This is the continuation of Math 4350 from Fall
2001.
You can find there details about what was covered in the first part. This
semester we are going to continue from the textbook.
Course description (handout with details, Jan.
15, 2002)
General course description: Math 4350-4351
The book that we will be using for this course (both in Fall 2001 and
Spring 2002) is
Differential Geometry of Curves and Surfaces by Manfredo Do Carmo (publisher:
Prentice Hall)
(the library copy is on reserve this semester).
The prerequisites are Math 2433 (Calculus of functions of several
variables) and Math 2431 (Linear Algebra and ODE's). For Math 4351, you
should be familiar with the material covered in Math 4350.
The course will introduce the basic definitions of low-dimensional
differential geometry. We will use these to describe curves and surfaces,
exhibiting the interplay between local and global quantities.

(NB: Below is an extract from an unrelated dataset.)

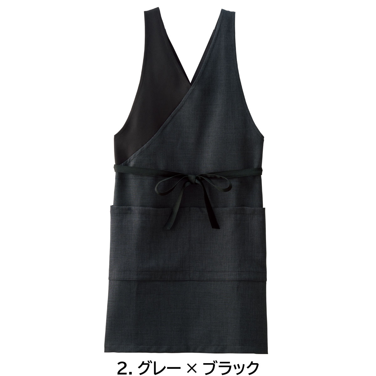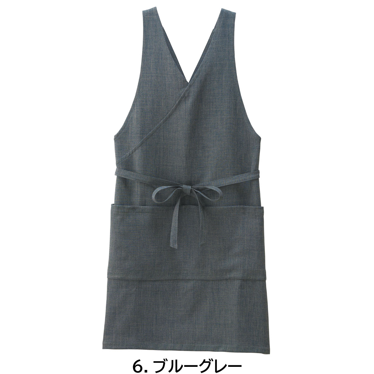 落ち着いた色合いの 和風胸当てエプロン 【MATERIAL】 素材:シャンブレー 混率:ポリエステル100% ■紐のクロス部分には ズレ防止のループ付き ■フロントには大容量で便利な 二分割ポケット付き ■身頃のボタンと紐のボタンホールで 肩紐の長さを調整可能 ■脇挟み込みポケット付き ■脇見返しボタン2個付き 【COLOR】 ■2.グレー×ブラック ■6.ブルーグレー 【SIZE】 ■F(フリーサイズ) 前丈:73cm 身幅:86cm

Depending on the interests of the audience, other topics can be
discussed as well.
Here are some examples:
- Four-vertex theorem (each planar simple convex curve has at least four
"vertices");
- Fary-Milnor theorem (a curve whose total curvature is not more than 4
Pi is unknotted);
- Gauss-Bonnet theorem (the number of "handles" - i.e., the
topology - of a surface determines the integral of its Gaussian curvature);
- Poincare index theorem (the topology of the surface forces vector
fields on the surface to have singularities);
This explains why one cannot comb hair on a sphere (no bald spots allowed!)
without creating a vortex.
We might use the computer to visualize the objects we are discussing.
There will be homeworks (the lowest grade will be dropped), and the exams
(some might be take-home).
Course description last updated: December 2001